--- Work instructions ---
Could you transcribe exactly the lines below, from the line with "Rampe d'accès en" through the line with "simulation de rafraichissement par IA", and nothing else, leaving out the pictures?

--- Exercise inputs ---
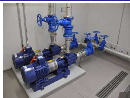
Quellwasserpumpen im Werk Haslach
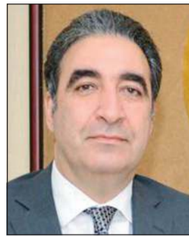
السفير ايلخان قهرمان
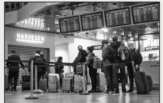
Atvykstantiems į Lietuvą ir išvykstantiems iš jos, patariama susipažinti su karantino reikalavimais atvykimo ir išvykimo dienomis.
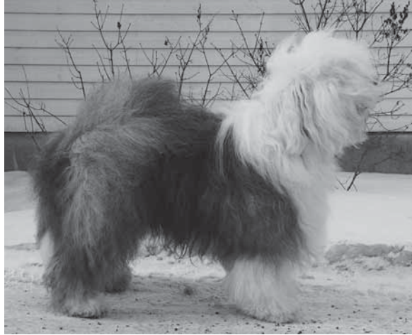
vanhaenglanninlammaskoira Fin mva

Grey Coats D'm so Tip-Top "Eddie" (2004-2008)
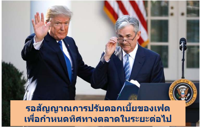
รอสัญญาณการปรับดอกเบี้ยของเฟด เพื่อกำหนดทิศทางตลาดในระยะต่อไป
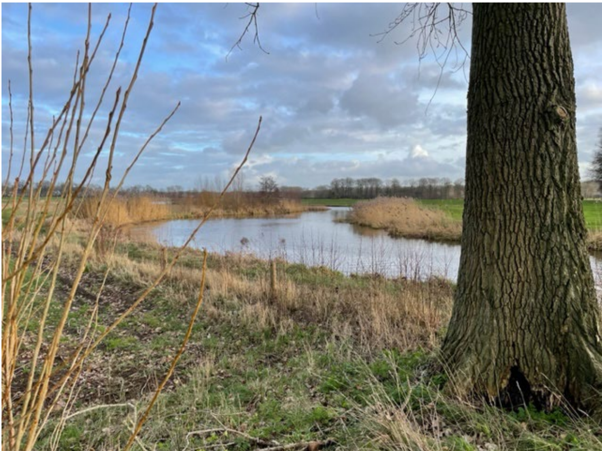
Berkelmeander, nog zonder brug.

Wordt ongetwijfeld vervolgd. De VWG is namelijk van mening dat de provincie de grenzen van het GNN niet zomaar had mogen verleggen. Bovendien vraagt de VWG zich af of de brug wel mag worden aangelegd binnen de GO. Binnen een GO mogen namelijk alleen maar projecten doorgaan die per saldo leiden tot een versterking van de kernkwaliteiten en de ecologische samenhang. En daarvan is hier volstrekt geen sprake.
---
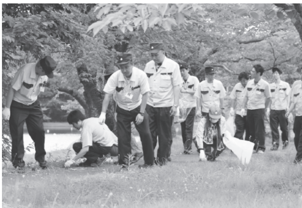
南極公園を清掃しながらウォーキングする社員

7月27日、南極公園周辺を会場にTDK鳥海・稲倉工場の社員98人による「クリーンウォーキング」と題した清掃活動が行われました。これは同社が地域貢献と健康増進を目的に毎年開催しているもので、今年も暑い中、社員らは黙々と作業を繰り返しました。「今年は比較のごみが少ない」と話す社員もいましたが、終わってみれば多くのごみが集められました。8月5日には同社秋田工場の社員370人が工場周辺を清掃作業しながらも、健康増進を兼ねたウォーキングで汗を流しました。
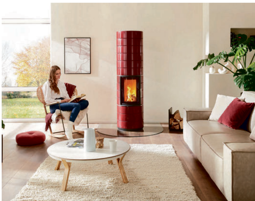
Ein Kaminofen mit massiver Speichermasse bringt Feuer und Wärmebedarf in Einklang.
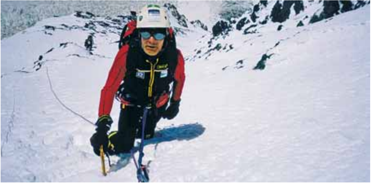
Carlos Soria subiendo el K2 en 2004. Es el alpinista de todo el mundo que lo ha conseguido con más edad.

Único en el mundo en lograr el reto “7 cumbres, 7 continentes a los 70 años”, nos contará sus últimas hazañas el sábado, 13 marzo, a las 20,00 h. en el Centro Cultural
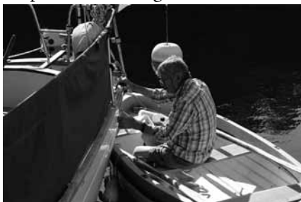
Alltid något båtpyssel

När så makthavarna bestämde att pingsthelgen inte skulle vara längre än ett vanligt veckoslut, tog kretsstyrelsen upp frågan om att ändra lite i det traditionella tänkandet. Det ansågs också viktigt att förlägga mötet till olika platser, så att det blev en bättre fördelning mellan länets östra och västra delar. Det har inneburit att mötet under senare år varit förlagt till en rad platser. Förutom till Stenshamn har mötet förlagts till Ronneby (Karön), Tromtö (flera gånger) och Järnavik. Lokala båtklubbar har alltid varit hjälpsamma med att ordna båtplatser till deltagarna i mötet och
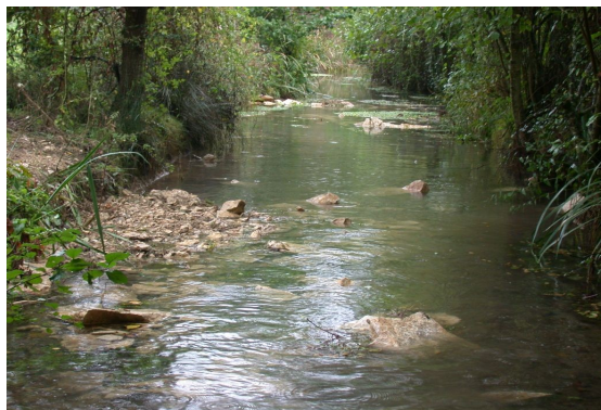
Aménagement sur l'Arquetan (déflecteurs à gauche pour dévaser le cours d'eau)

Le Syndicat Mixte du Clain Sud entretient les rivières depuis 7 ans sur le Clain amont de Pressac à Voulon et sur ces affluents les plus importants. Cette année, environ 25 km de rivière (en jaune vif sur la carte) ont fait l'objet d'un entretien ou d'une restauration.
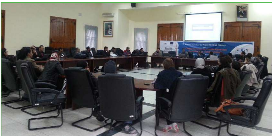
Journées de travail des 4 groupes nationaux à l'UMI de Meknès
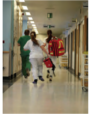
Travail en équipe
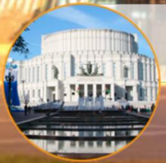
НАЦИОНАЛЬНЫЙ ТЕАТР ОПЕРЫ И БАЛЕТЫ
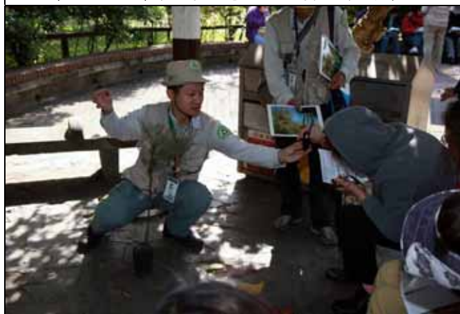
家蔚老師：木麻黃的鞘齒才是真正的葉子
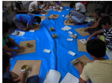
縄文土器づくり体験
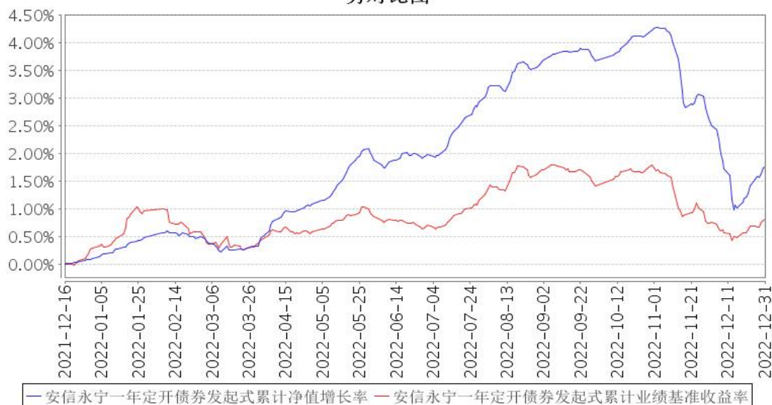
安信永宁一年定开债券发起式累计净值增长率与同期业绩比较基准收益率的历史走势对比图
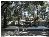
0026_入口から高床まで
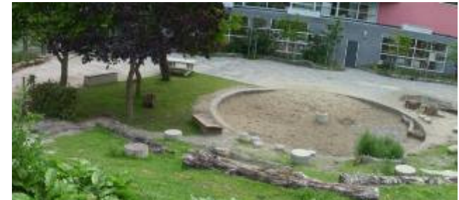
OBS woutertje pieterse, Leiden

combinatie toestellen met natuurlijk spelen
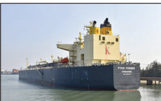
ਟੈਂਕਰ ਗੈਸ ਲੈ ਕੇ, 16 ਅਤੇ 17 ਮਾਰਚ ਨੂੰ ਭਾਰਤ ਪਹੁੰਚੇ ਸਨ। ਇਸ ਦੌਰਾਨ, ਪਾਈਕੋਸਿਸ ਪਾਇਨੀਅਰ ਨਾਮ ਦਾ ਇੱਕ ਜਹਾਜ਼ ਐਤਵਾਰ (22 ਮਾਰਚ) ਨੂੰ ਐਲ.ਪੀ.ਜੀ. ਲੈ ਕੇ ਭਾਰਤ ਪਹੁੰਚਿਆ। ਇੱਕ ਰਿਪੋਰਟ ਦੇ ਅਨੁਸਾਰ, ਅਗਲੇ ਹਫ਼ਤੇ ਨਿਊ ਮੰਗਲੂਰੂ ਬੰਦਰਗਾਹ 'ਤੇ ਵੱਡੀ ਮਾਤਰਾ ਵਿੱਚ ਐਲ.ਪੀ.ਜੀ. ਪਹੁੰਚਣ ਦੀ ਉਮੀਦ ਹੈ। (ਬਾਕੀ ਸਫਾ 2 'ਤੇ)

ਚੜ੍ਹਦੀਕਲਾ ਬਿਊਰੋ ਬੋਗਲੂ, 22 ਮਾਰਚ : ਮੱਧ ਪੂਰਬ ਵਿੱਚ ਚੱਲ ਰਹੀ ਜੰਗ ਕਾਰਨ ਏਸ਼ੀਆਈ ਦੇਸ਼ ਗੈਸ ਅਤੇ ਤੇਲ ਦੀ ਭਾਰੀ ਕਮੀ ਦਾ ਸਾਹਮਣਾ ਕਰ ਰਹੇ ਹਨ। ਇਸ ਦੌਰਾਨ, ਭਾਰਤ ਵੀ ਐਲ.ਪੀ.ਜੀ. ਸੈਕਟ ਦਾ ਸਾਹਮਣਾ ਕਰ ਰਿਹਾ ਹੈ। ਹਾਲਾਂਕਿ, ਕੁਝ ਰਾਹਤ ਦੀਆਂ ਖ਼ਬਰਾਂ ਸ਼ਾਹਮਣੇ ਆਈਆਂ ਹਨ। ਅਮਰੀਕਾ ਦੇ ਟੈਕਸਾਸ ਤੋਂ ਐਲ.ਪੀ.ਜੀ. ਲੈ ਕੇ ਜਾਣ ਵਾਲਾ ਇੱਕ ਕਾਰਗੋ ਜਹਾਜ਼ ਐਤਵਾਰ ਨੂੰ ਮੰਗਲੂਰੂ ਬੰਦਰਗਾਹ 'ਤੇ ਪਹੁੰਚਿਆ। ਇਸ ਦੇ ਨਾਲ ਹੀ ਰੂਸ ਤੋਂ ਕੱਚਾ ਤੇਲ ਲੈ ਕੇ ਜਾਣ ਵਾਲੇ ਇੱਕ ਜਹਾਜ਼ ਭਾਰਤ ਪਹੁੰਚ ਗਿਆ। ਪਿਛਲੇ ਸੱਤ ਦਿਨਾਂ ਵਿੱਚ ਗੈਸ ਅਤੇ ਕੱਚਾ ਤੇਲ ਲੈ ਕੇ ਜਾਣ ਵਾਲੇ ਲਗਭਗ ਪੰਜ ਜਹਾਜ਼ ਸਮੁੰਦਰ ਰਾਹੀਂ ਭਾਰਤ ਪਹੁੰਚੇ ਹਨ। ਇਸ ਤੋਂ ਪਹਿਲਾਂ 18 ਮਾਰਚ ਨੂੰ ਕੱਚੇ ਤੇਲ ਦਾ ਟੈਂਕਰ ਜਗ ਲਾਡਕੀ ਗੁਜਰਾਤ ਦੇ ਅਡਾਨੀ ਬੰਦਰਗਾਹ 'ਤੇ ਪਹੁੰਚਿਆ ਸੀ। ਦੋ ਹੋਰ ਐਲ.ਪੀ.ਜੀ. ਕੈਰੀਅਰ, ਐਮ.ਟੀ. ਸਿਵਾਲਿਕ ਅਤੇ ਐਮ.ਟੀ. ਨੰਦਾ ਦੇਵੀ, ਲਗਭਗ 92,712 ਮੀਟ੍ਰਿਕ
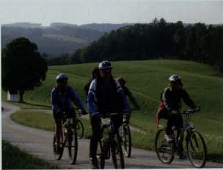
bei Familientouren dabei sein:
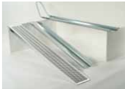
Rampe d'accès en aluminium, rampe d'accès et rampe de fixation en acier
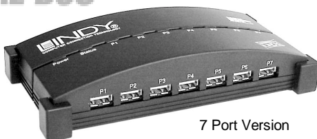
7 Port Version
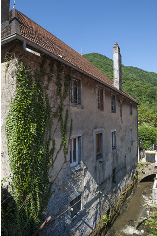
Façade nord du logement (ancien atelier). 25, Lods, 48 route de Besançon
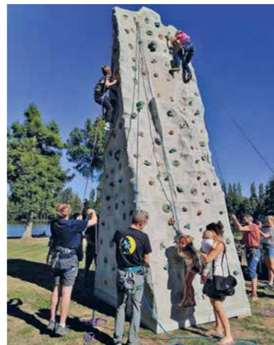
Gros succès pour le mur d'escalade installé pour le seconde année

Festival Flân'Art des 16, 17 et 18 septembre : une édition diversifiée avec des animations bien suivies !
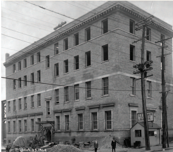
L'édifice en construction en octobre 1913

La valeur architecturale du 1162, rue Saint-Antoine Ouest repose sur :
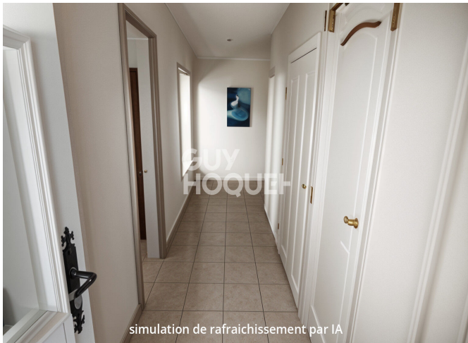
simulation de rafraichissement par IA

--- Exercise response ---
Rampe d'accès en aluminium, rampe d'accès et rampe de fixation en acier
7 Port Version
Façade nord du logement (ancien atelier). 25, Lods, 48 route de Besançon
Gros succès pour le mur d'escalade installé pour le seconde année

Festival Flân'Art des 16, 17 et 18 septembre : une édition diversifiée avec des animations bien suivies !
L'édifice en construction en octobre 1913

La valeur architecturale du 1162, rue Saint-Antoine Ouest repose sur :
simulation de rafraichissement par IA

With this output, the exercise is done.